SII, which represents the balance of platelets, neutrophils, and lymphocytes, has been recognized as an index of inflammatory status in patients with multifarious chronic inflammatory diseases. Mahemuti N et al. [10] found a significant correlation between SII levels and hyperlipidemia. Topuz MF et al. [31] showed that the SII value was positively correlated with the severity of obstructive sleep apnea patients. Our study demonstrates an inverted U-shaped relationship between lgSII levels and cognitive function. At high levels of SII, cognitive function decreased with increasing SII levels. The reason for low cognitive function at low levels of SII may be attributed to the dual-sided effect of inflammation; excessive activation of neuroinflammation can damage brain cells and neurons, while an appropriate inflammatory state can maintain microenvironment stability [27].

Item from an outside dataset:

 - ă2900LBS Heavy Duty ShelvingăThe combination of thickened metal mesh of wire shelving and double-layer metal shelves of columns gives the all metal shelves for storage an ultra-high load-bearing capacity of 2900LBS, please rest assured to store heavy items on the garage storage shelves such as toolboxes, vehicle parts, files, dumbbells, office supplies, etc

Our study also highlights that diabetes does not increase the risk of cognitive decline in isolation, but rather within a broader spectrum of inflammatory and immune system diseases. Actually, we found that the combination of diabetes and abnormal SII significantly increased the risk of cognitive decline, while neither diabetes nor abnormal SII alone led to a significant risk of this outcome. These results suggest that SII affects cognitive function in a dose-dependent manner. This is similar to the findings of Dove A et al. [32], whose study explained that cognitive impairment is only associated with poorly controlled diabetes (i.e., HbA1c≥7.5%). This indicates that it is the degree of hyperglycemia, rather than diabetes itself, that negatively affects cognitive function. In summary, the effect of diabetes on cognitive impairment is caused by the severity of its complications. Furthermore, our study suggests that inflammation levels may play a role in influencing the impact of diabetes on cognitive function. This is supported by our observation regarding survival rates when considering both diabetes and SII levels together. We found that neither diabetes nor prediabetes status alone significantly reduced participants’ survival rate, only when both diabetes and abnormal SII coexisted did participants’ survival rate show a significantly reduction.

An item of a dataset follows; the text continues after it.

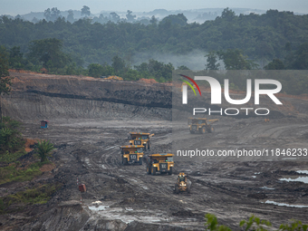 A coal mining truck operates on a haul road at an opencast coalmine in Kalimantan, Indonesia, on December 8, 2024. Environmental activists express concern about the slow growth of renewable energy and the continued reliance on coal. This is particularly concerning because, in 2001, Indonesia had 93.8 million hectares of primary forest, covering more than 50% of its total land area. By 2023, Indonesia had lost 292 thousand hectares of primary forest, equivalent to 221 million tons of CO2 emissions. Of this loss, 144 thousand hectares are located within Indonesia's official forest land cover classes and have a patch size larger than two hectares. Coal consumption in Indonesia has surged in the last decade. In 2013, Indonesia's coal consumption is recorded at 72.07 million tons. This figure jumps to 138.42 million tons in 2019 and further increases to 212.87 million tons in 2023. Meanwhile, the Minister of Energy and Mineral Resources (ESDM) acknowledges that Indonesia is still dependent on coal to meet its energy needs and will require a significant amount of time to transition away from this dependency.
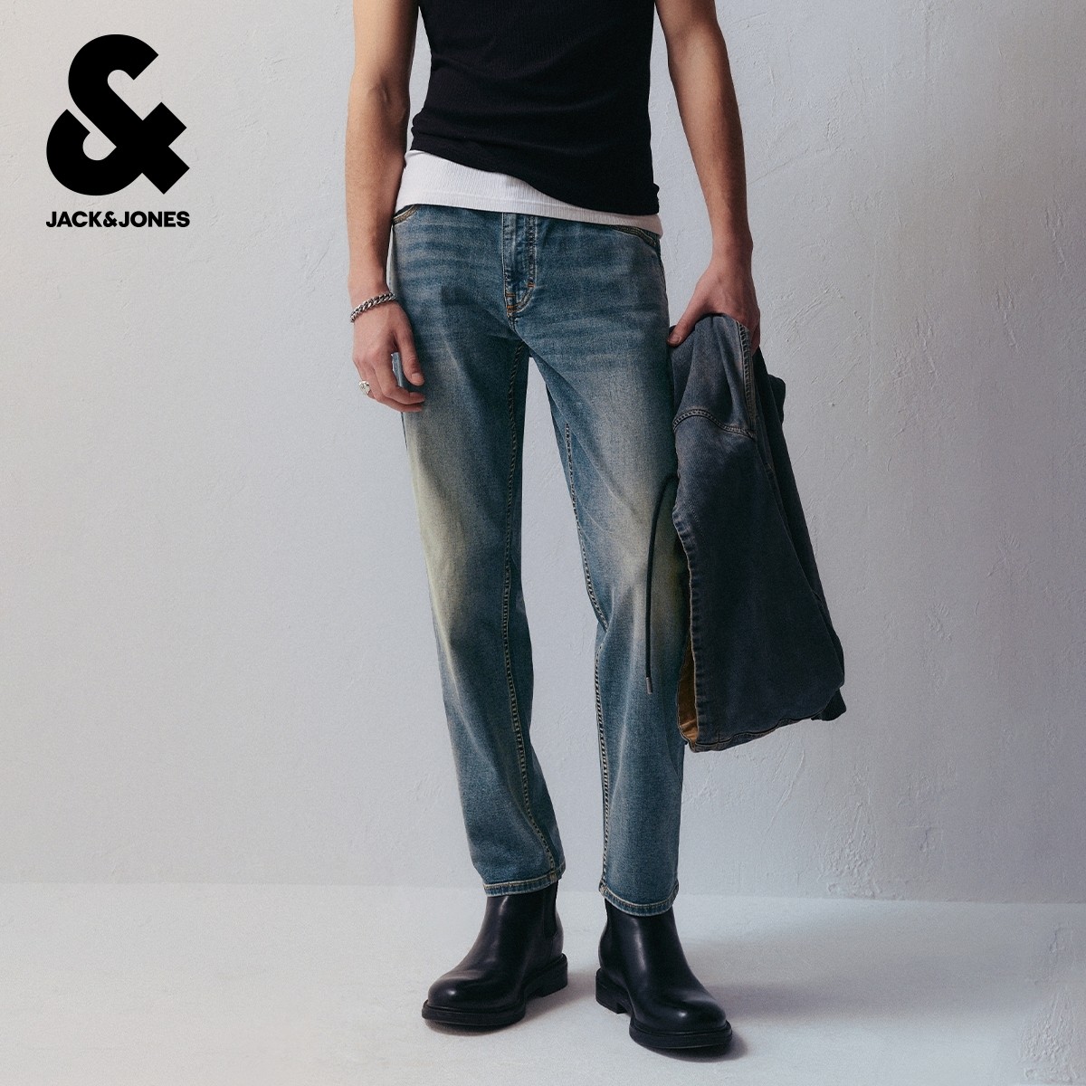 王安宇同款森马牛仔裤男做旧复古阔感弯刀裤宽松弧形裤2025冬新款

In conclusion, our findings suggest that the combination of abnormal SII levels and diabetes (but not prediabetes) is associated with a greater decline in cognitive function and lower survival rate among older Americans. Implementing interventions targeting these factors may be beneficial in preventing cognitive impairment and mortality. Therefore, further studies are warranted to evaluate the predictive value of abnormal SII levels and diabetes for cognitive impairment and mortality, as well as to conduct prospective studies with extend follow-up periods.